Hi Druchii, nice list.

Here's another couple for you: MERP (Middle Earth Role Playing) - used a subbed down Rolemaster system; Star Frontiers (Sci-Fi, obviously); Golden Heroes (equally obviously, a superhero system).

Should 'Runequest' in your list also be listed as BRP? I always ran Runequest and Stormbringer together, as I never had enough of either to make a decent campaign, or was that just me being cheap and/or a loony?

otentially embarrassing himself by exposing his cavalier attitude to other people's systems cyclops:

EDIT: I just re-read the criteria for selection at the top and I don't think any of my games apply... sorry 

However, if anyone's interested there is a Star Frontiers revival going on; there's a site at http://www.starfrontiersman.com/ that has some interesting PDFs including the 2nd Ed rules.


----------



## ACoz (Oct 23, 2007)

Dead Reign, by Palladium Books, can be added to Horror.


----------



## Druchii in Space (Apr 7, 2008)

Thanks for those guys and I'm sorry I took a while to add them. I couldn't edit it by the time you'd both posted so was sorta stuck for a while. However its all good now and I can edit, so I will also start to provide some links up there for the various games asap.


----------



## Red Corsairs (Jun 8, 2008)

Just to let everybody know, over the next week or so I'm going to be going through this list and linking to each of the Roleplaying Games assosciated website or equivalent fansite as the OP originally wanted to do.

Posting this here in case anybody wanted to add more RPG's to the list or if they have any links to add themselves.


----------



## Eihnlazer (Nov 18, 2010)

To add on to dark heresy, theres now the Rouge trader rpg out which i find more fun since you have alot more freedom to explore.


You also missed out on the DC superheros rp in the superpowered section.


----------



## Red Corsairs (Jun 8, 2008)

Eihnlazer said:


> To add on to dark heresy, theres now the Rouge trader rpg out which i find more fun since you have alot more freedom to explore.
> 
> 
> You also missed out on the DC superheros rp in the superpowered section.


Thanks Eihnlazer, added them to the list now.



Red Corsairs said:


> Just to let everybody know, over the next week or so I'm going to be going through this list and linking to each of the Roleplaying Games assosciated website or equivalent fansite as the OP originally wanted to do.
> 
> Posting this here in case anybody wanted to add more RPG's to the list or if they have any links to add themselves.

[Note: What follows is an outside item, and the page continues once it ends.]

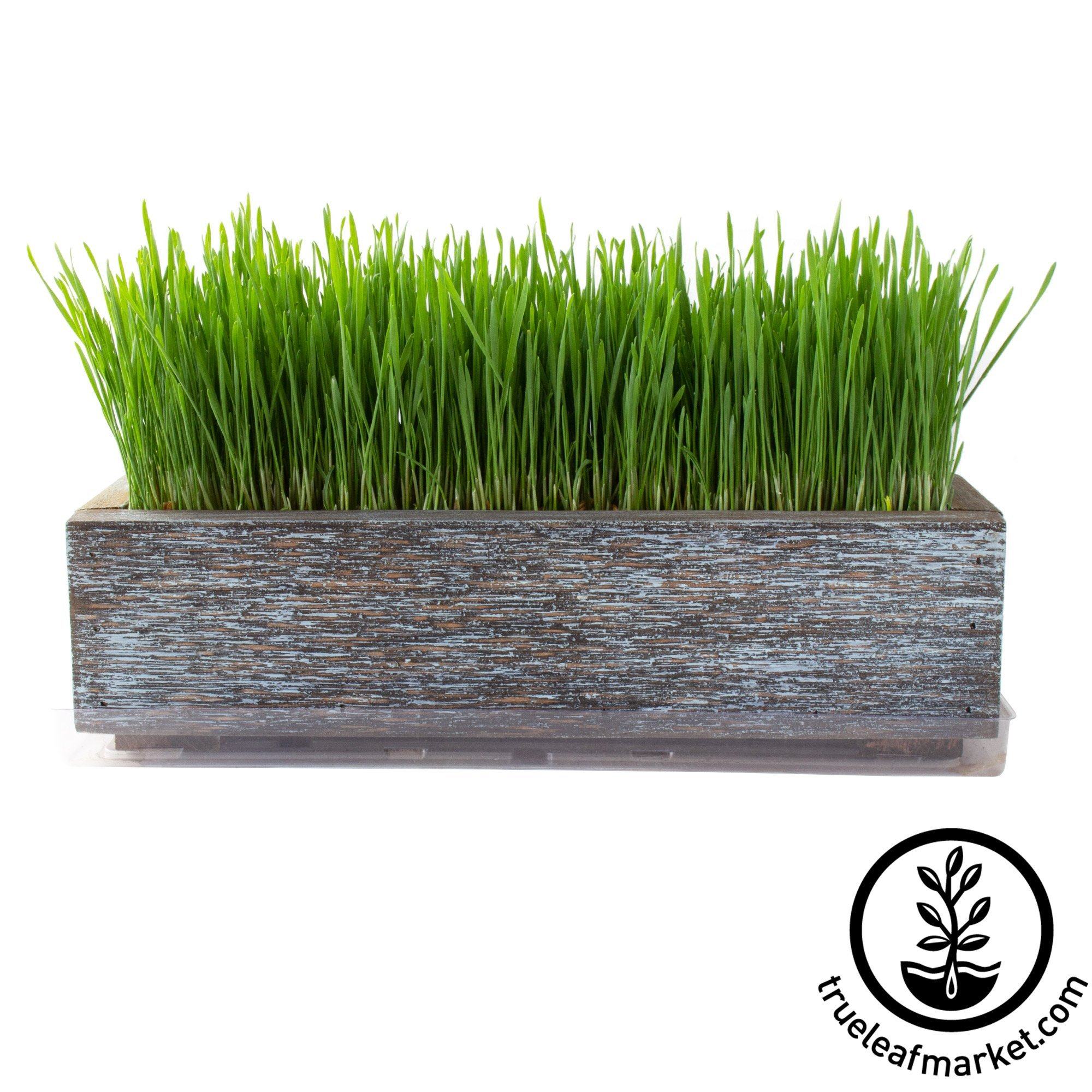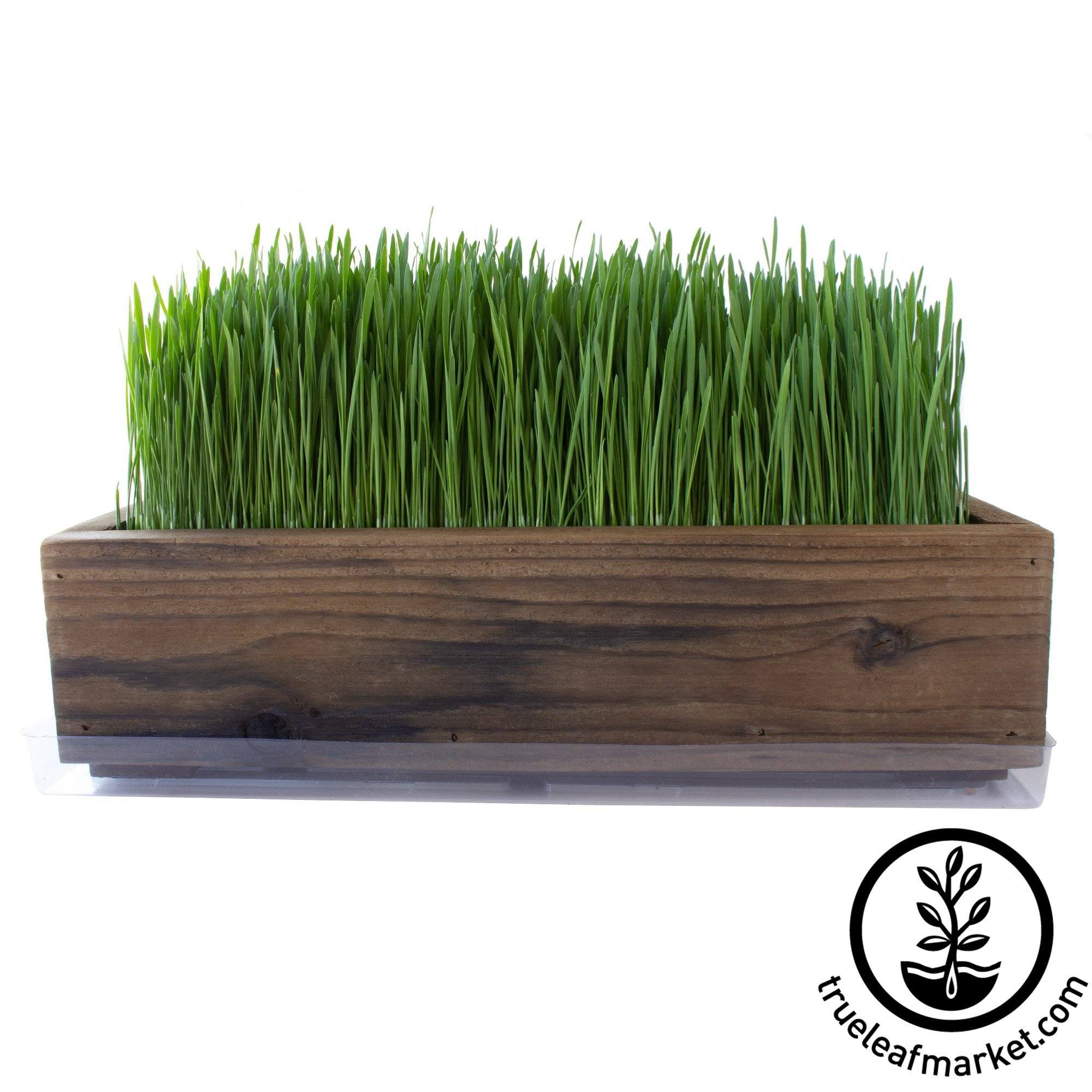This amazing rustic barnwood style planter (includes clear plastic drip dray) is ideal for growing wheatgrass indoors. Made from Western Red Cedar and finished with Clark's Food Safe cutting board wax with an orange fragrance. An attractive addition to any home or kitchen, the complete kit is everything you need to grow stunningly beautiful wheatgrass. Complete kit includes barnwood style planter, drip tray, compressed soil, instructions and selection of certified organic wheatgrass seeds. Enough soil and seed for three complete plantings. Grow for wheatgrass juice, grass for indoor pets, or as a decorative planter or centerpiece. The barnwood style planter measures 15" by 6.5" by 3.5" High. The inner dimensions (growing area) measure: 14.5" by 4.75" by 2.75" deep.

That kind of failed, but after a long period of inactivity I will now be able to continue with what I said I would be doing, so expect me to start adding in the links for each RPG over the coming days. I'll get started on it tonight.


----------



## Red Corsairs (Jun 8, 2008)

I have started linking games to their respective websites. Some I have been unable to find the official website for, in these cases I have linked to one of their main fansites. There are a couple of occasions however that I have been unable to find a suitable fansite, in these cases I have instead linked to the games RPG Geek review page. Below is a list of which games fall under these circumstances:


*Fansites Linked:*


Chivalry and Sorcery
The Dark Eye

*RPGGeek Linked:*


Cadwallon (Rackham)
Conan RPG
Dark Sun
Diomin
Dragon Lance Campaign Setting

This is only so far, I have not got very far through the list yet as it's taking longer than I had planned. Therefore this list will be updated (possibly into the original post) the further through the list I get. If anybody is able to find the official website or fansites for the games above, it would be greatly appreciated if you could link it here so I can perfect the list.


----------



## newt_e (Jan 1, 2008)

Other games:
Fantasy - Tekumel, Skyrealms of Jorune
Horror - Whispering Vault, The Laundry
Steampunk - Space 1889


----------



## simetradon (Aug 29, 2012)

As a writer and artist for Chaos 6010 A.D. I'm obligated to inquire if you can add it to the list. Also, our products can be found here:
http://www.rpgnow.com/index.php?manufacturers_id=3578term=arcanum syndicate


----------



## SFox63 (Nov 3, 2013)

Warhammer 40K:

Dark Heresy
Dark Heresy: Ascension
Rouge Trader
Black Crusade
Deathwatch
Only War


----------